The doctors, in batches of 100, will train at the gymkhana club between 7-8 pm every day from May 15. The basic course will be for 6 months and the black belt course for 30 months.

According to a report in the Lancet journal, while 75% doctors in tertiary care hospitals face physical or verbal violence at work at least once in lifetime, over 40% of them faced it in 2016.

The problem is multifactoral. Overcrowding in public health facilities forcing doctors to spend less time with patients, corruption and over-charging for services (in which the referring doctor gets a cut) leading to the breakdown in the doctor-patient trust are some of the reasons recognised by the study.

“Doctors are forced to spend less time listening to the patients or their caregivers. The concept of shared decision making is almost absent. The average conversation between a doctor and a patient might last just a few seconds,” said Dr Vijay Nath Mishra, neurology professor, Sir Sunderlal Hospital, Varanasi.


The IMA will launch a registry where doctors can report any incidence of violence along with evidence such as videos, photos, CCTV footage, and newspaper clippings. The doctors’ body will then conduct an investigation and do a root cause analysis.

“This will help us in understanding why violence is happening, predict when the violence might happen and look at measures to prevent such incidences,” said Dr Dr KK Agarwal, president of the Indian Medical Association (IMA).


“Confrontations happen because of the anger caused by non-fulfilment of desire. Hence, we need to understand what the patients really want,” said Dr Aggarwal.

A survey done by the IMA found that 90% of the patients wanted doctors acknowledge and address them, 92% wanted doctors to listen, 89% wanted the doctors to explain what the illness is and keep them informed throughout.
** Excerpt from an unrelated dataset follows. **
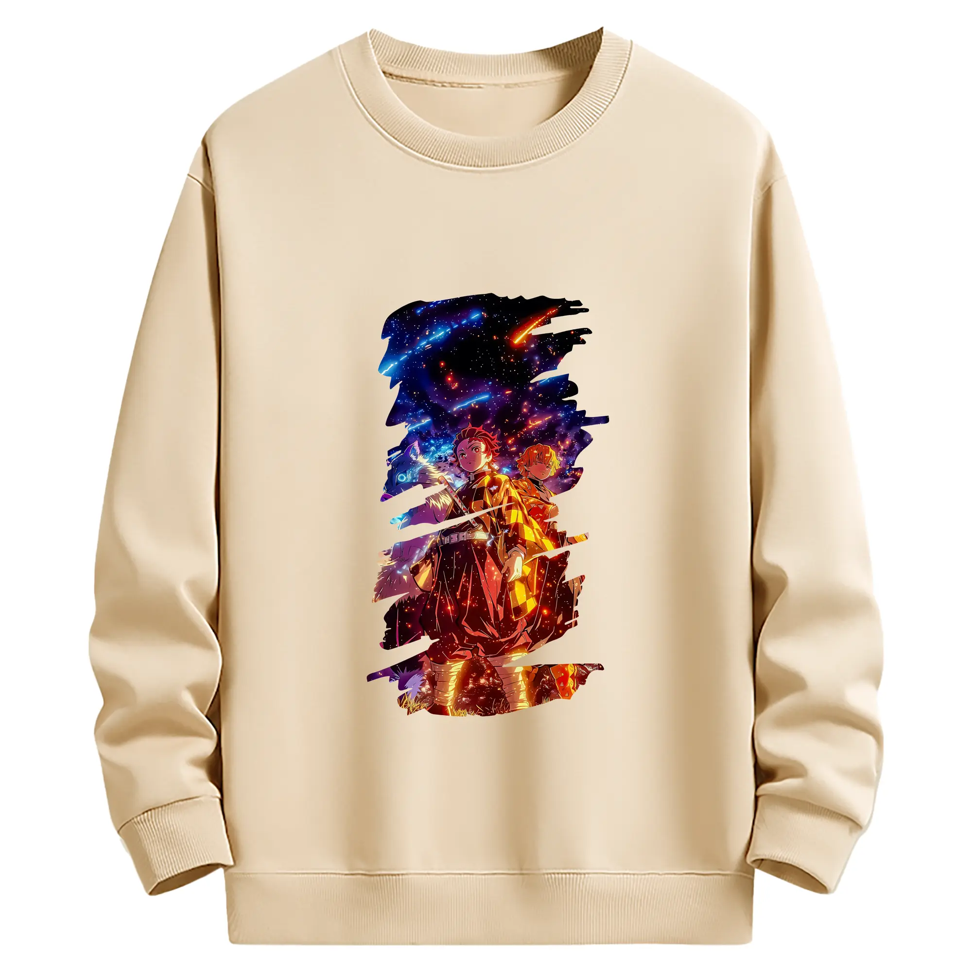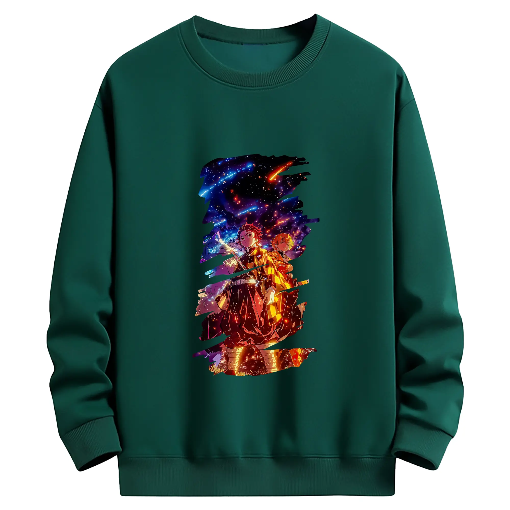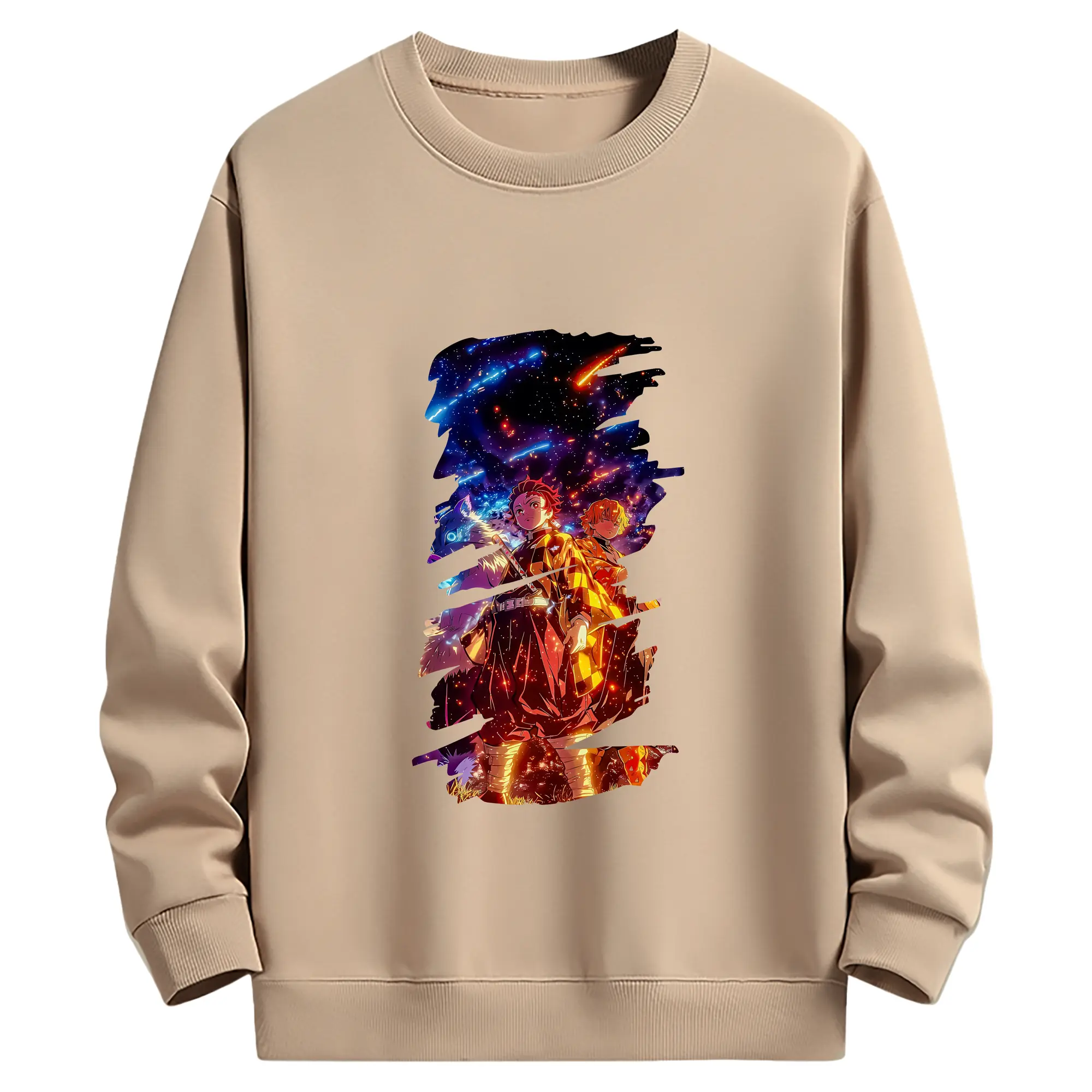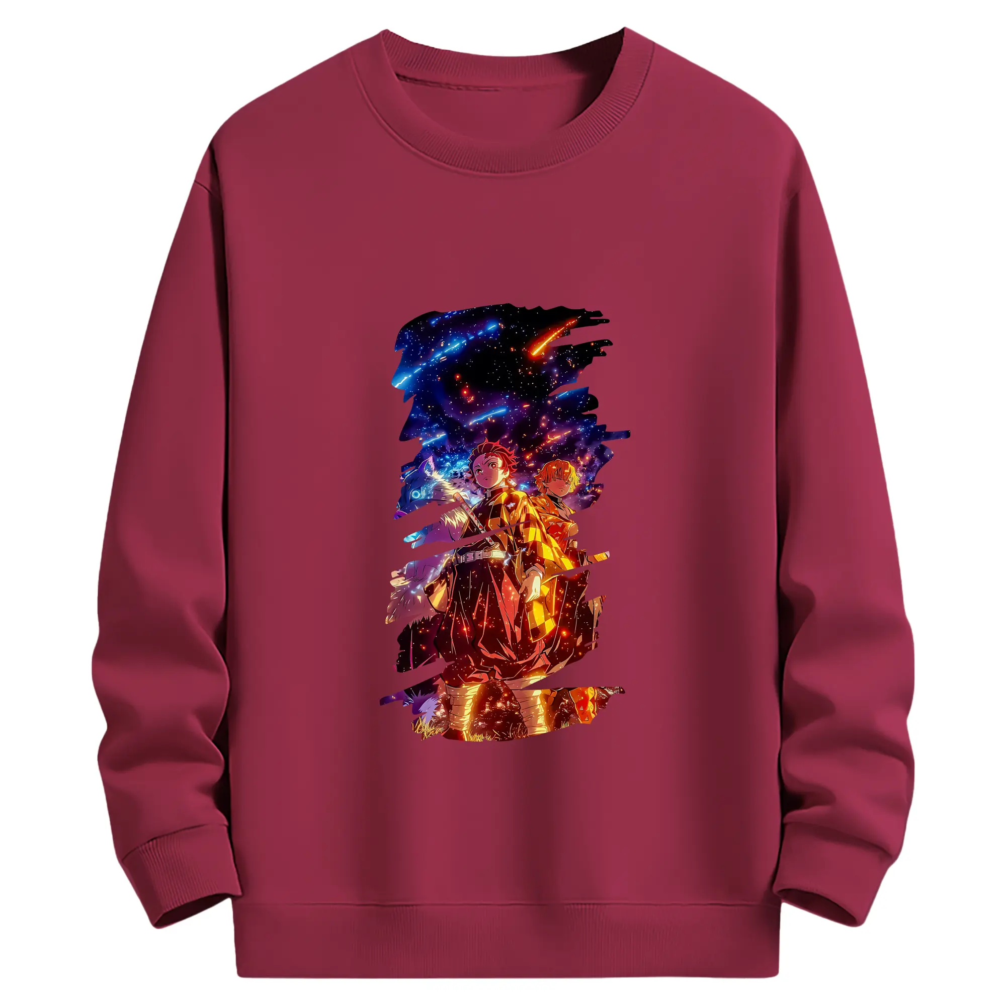 鬼滅の刃 グッズ,竈門 炭治郎 - 薄手 クルーネック スウェット 裏毛260g · ポリエステル 春秋向け カジュアル 男女兼用 · トレーナー デイリー スポーツ 散歩に最適

Around 75% of the people also wanted their doctors to review – ask them if they understood and, if not, help them understand. 40% of the respondents also wanted the doctors to thank them. “The patients said that they always thank the doctors, but they wanted that the doctor thank them in return as they gave them an opportunity to treat their relative. We called the study ALERT – Acknowledge, Listen, Explain, Review and Thank,” said Dr Aggarwal.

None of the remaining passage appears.